You can see the output of the original prompt here and the output of the new prompt here . As you can see, the new prompt is much more specialized towards the user’s needs. It gets the correct amount of days and includes advice about transportation and food.

The way this works is very simple too. It just asks ChatGPT for a couple of questions that relate to the prompt, and then uses those answers to create a better prompt as well as a plan. You can try it out yourself by downloading the code on github .

Conclusion

LLMs will continue to get more integrated into our everyday applications. However, in order to use them we can just use regular ol’ code, we need to come up with prompts in our natural language to make the LLM work. As such, prompt engineering has become a big part of using LLMs and will continue to be, since although LLMs are great at natural language, they aren't mind readers. To make a good prompt, you need to be sure to be very specific about your requirements in order to get the best result possible. But why go through that headache, when you can just ask the LLM to do it for you?

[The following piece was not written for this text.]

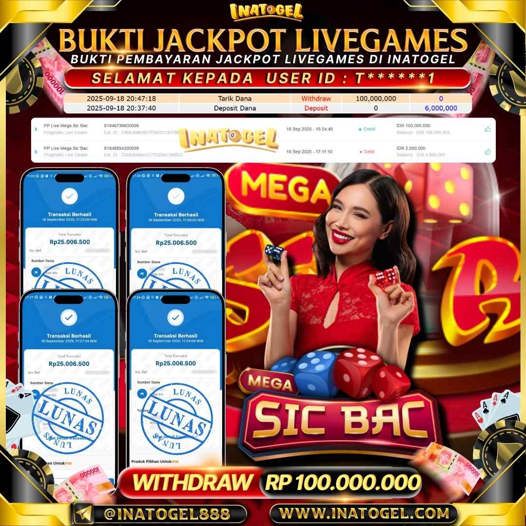 Inatogel Jackpot LiveGame Mega Sic Bac Rp100,000,000
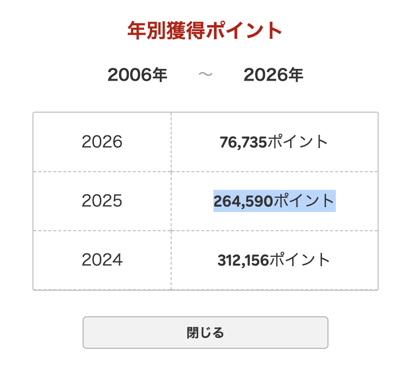 年間獲得ポイントは264,590ptでした。

Even with all that being said, as time goes on these models will get more powerful. Less of this prompting will be needed since better models can guess or even ask for more information from the user. But bigger and better models aren't necessarily a good thing. Bigger models will need beefier hardware and more electricity, meaning higher API costs. Even now, GPT3.5 is preferable over GPT4 due to price. This all leads me to one big point: Better prompts mean we can get away with weaker LLMs means we can save money. And we all want to save money.